### Task to complete
Nothing outside the lines below from the one containing "With our self-hosted" through the one containing "Grâce au joint" is to be printed; print those exactly, ends included, and drop the pictures.

### Information

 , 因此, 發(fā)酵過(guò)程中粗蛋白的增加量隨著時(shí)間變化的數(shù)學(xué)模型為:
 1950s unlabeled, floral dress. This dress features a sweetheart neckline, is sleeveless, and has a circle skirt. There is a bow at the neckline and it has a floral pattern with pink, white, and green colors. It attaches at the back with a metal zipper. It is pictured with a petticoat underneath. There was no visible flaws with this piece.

---

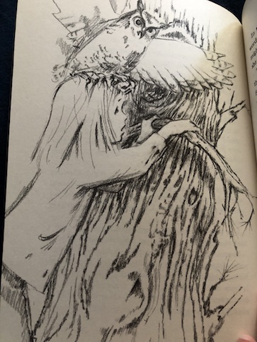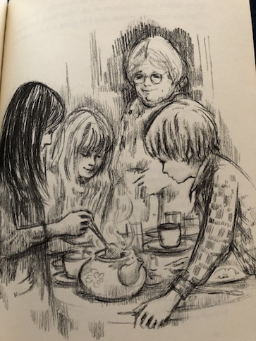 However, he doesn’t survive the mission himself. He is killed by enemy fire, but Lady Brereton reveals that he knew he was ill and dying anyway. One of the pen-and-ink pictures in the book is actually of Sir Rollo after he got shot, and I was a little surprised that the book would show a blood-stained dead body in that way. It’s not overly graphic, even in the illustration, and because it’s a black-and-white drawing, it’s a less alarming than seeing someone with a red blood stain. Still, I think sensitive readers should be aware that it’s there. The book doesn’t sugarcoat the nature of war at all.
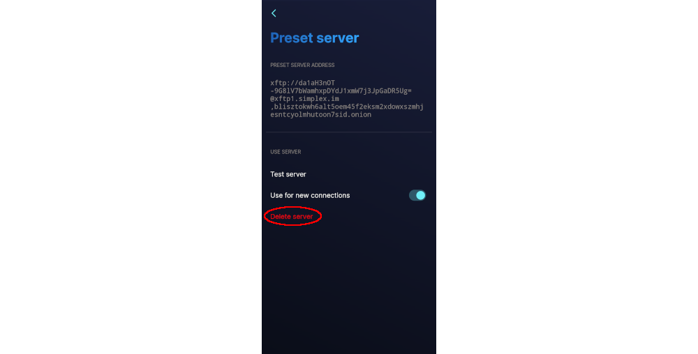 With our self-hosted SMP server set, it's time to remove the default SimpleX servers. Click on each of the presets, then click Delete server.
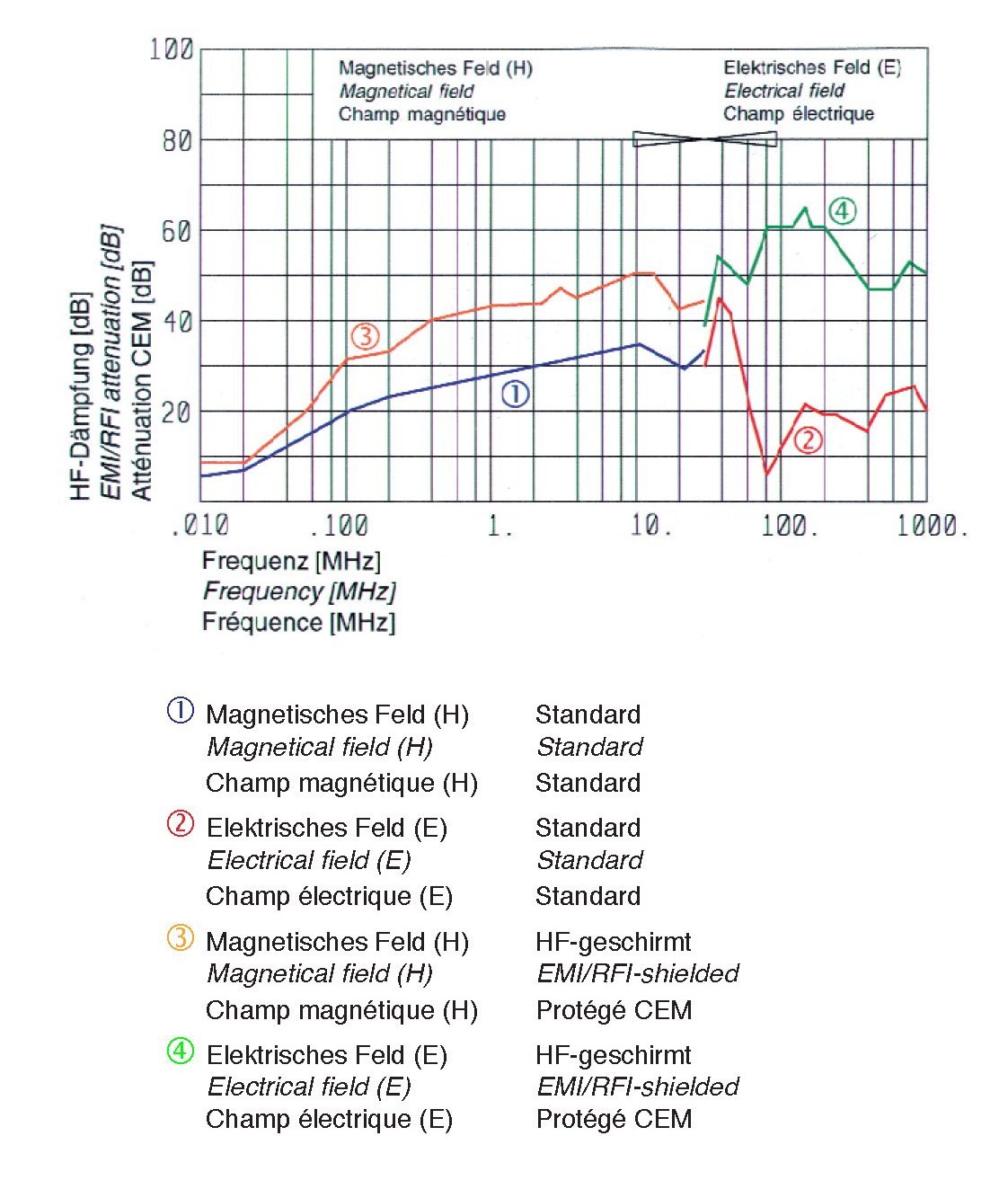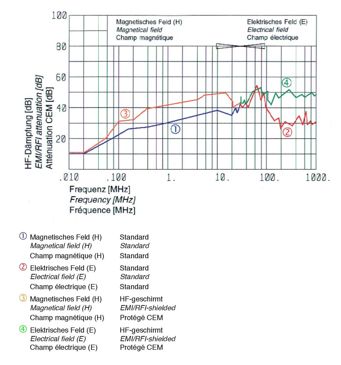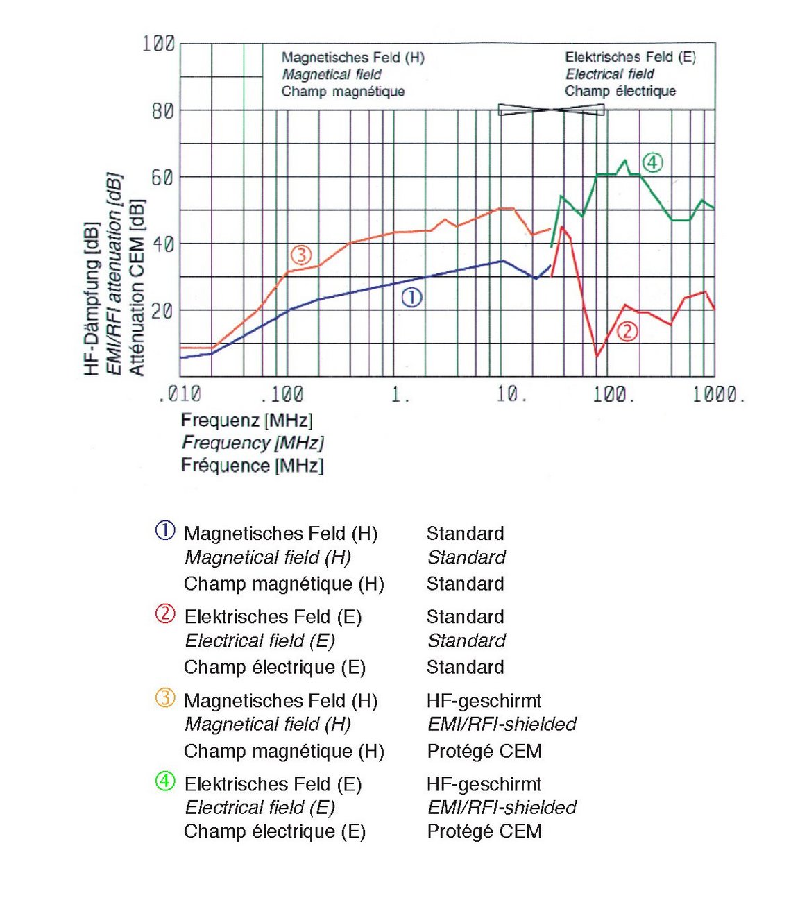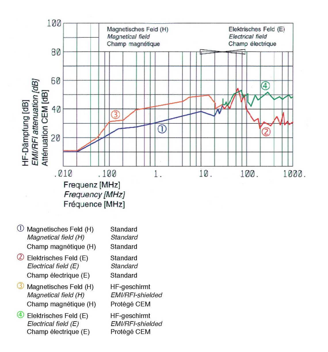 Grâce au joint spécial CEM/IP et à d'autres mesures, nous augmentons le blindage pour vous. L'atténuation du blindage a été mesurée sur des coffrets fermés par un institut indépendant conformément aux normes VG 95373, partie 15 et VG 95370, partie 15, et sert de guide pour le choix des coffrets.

...

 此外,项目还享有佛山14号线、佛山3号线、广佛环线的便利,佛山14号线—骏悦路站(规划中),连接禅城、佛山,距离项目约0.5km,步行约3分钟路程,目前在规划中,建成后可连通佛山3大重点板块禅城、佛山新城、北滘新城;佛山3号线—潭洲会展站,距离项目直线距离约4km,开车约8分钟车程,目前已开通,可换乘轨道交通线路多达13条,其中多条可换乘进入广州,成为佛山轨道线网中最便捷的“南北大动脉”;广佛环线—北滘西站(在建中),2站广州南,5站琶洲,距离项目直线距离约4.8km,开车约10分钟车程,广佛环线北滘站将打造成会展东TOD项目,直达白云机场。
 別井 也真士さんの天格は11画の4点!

### Written solution
 With our self-hosted SMP server set, it's time to remove the default SimpleX servers. Click on each of the presets, then click Delete server.
 Grâce au joint spécial CEM/IP et à d'autres mesures, nous augmentons le blindage pour vous. L'atténuation du blindage a été mesurée sur des coffrets fermés par un institut indépendant conformément aux normes VG 95373, partie 15 et VG 95370, partie 15, et sert de guide pour le choix des coffrets.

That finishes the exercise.